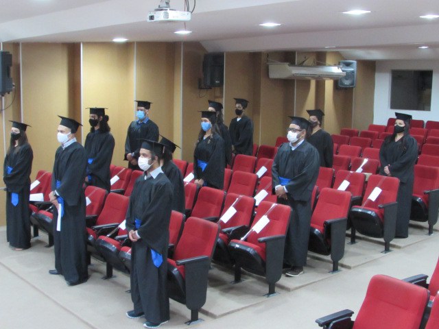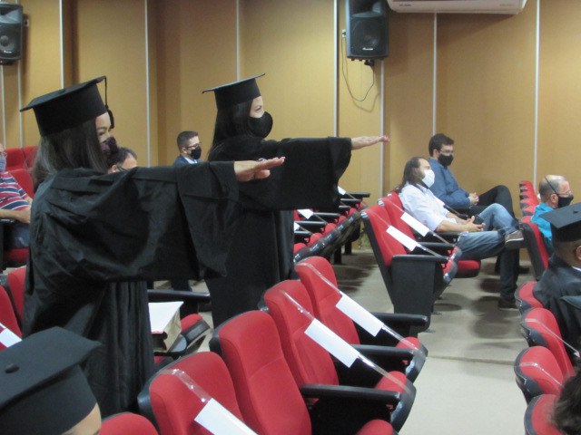 Realizada na tarde da terça-feira, 23 de fevereiro, a solenidade de Colação de Grau de formandos/as dos cursos superiores de Licenciatura em Física, Licenciatura em Matemática (turmas 2020.1) e Bacharelado em Enfermagem (turma 2020.2) do IFPE Campus Pesqueira teve restrições quanto à participação do público externo e contou com medidas de biossegurança necessárias neste momento de pandemia. No entanto, não faltaram os demais ingredientes que fazem desse momento um dos mais importantes na vida de uma pessoa e culmina com a esperada recompensa após quatro ou cinco anos de dedicação aos estudos de graduação.
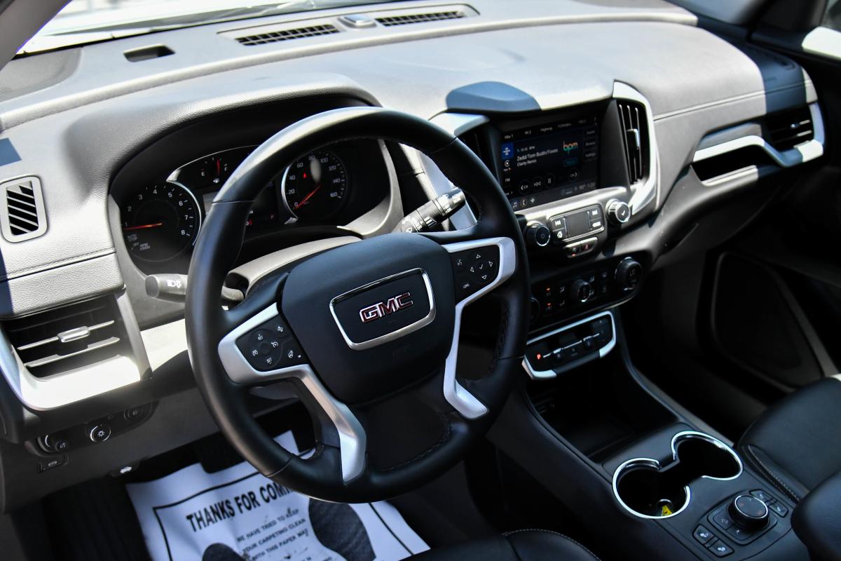 Delivers 28 Highway MPG and 23 City MPG! This GMC Terrain delivers a Turbocharged Gas I4 1.5L/ engine powering this Automatic transmission. WHEELS, 18 X 7 (45.7 CM X 17.8 CM) SILVER PAINTED ALUMINUM (STD), TRANSMISSION, 9-SPEED AUTOMATIC 9T45, ELECTRONICALLY-CONTROLLED WITH OVERDRIVE (STD), TIRES, P225/60R18 ALL-SEASON BLACKWALL (STD).*This GMC Terrain Comes Equipped with These Options *LICENSE PLATE FRONT MOUNTING PACKAGE (will be forced on orders with ship-to states that require a front license plate) , STERLING METALLIC, SLT PREFERRED EQUIPMENT GROUP Includes Standard Equipment, SEATS, FRONT BUCKET (STD), JET BLACK, PERFORATED LEATHER-APPOINTED SEAT TRIM, AXLE, 3.47 FINAL DRIVE RATIO, AUDIO SYSTEM, 8 DIAGONAL GMC INFOTAINMENT SYSTEM includes multi-touch display, AM/FM/SiriusXM stereo, Bluetooth streaming audio for music and most phones, Android Auto and Apple CarPlay capability for compatible phones, advanced voice recognition, in-vehicle apps, personalized profiles for infotainment and vehicle settings (STD), Wireless Apple CarPlay/Wireless Android Auto, Windows, power with rear Express-Down, Windows, power with front passenger Express-Down.
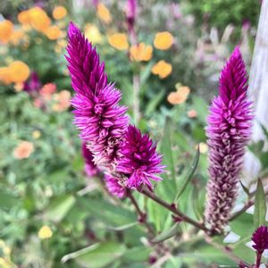 ノゲイトウ(セロシア) ①絡まっちゃったノゲイトウ😁‼️ ②普通のノゲイトウ😙 「セロシア」とはギリシャ語「燃やした」が語源となっている 生薬名に花を使用した「鶏冠(ケイカンカ)」、ノゲイトウの種を使用した「青箱子(セイソウシ)」があるそうです。

* THE TASK
Return each line of the material exactly as written; exclude the pictures.

* EXERCISE SOLUTION
 Realizada na tarde da terça-feira, 23 de fevereiro, a solenidade de Colação de Grau de formandos/as dos cursos superiores de Licenciatura em Física, Licenciatura em Matemática (turmas 2020.1) e Bacharelado em Enfermagem (turma 2020.2) do IFPE Campus Pesqueira teve restrições quanto à participação do público externo e contou com medidas de biossegurança necessárias neste momento de pandemia. No entanto, não faltaram os demais ingredientes que fazem desse momento um dos mais importantes na vida de uma pessoa e culmina com a esperada recompensa após quatro ou cinco anos de dedicação aos estudos de graduação.
 Delivers 28 Highway MPG and 23 City MPG! This GMC Terrain delivers a Turbocharged Gas I4 1.5L/ engine powering this Automatic transmission. WHEELS, 18 X 7 (45.7 CM X 17.8 CM) SILVER PAINTED ALUMINUM (STD), TRANSMISSION, 9-SPEED AUTOMATIC 9T45, ELECTRONICALLY-CONTROLLED WITH OVERDRIVE (STD), TIRES, P225/60R18 ALL-SEASON BLACKWALL (STD).*This GMC Terrain Comes Equipped with These Options *LICENSE PLATE FRONT MOUNTING PACKAGE (will be forced on orders with ship-to states that require a front license plate) , STERLING METALLIC, SLT PREFERRED EQUIPMENT GROUP Includes Standard Equipment, SEATS, FRONT BUCKET (STD), JET BLACK, PERFORATED LEATHER-APPOINTED SEAT TRIM, AXLE, 3.47 FINAL DRIVE RATIO, AUDIO SYSTEM, 8 DIAGONAL GMC INFOTAINMENT SYSTEM includes multi-touch display, AM/FM/SiriusXM stereo, Bluetooth streaming audio for music and most phones, Android Auto and Apple CarPlay capability for compatible phones, advanced voice recognition, in-vehicle apps, personalized profiles for infotainment and vehicle settings (STD), Wireless Apple CarPlay/Wireless Android Auto, Windows, power with rear Express-Down, Windows, power with front passenger Express-Down.
 ノゲイトウ(セロシア) ①絡まっちゃったノゲイトウ😁‼️ ②普通のノゲイトウ😙 「セロシア」とはギリシャ語「燃やした」が語源となっている 生薬名に花を使用した「鶏冠(ケイカンカ)」、ノゲイトウの種を使用した「青箱子(セイソウシ)」があるそうです。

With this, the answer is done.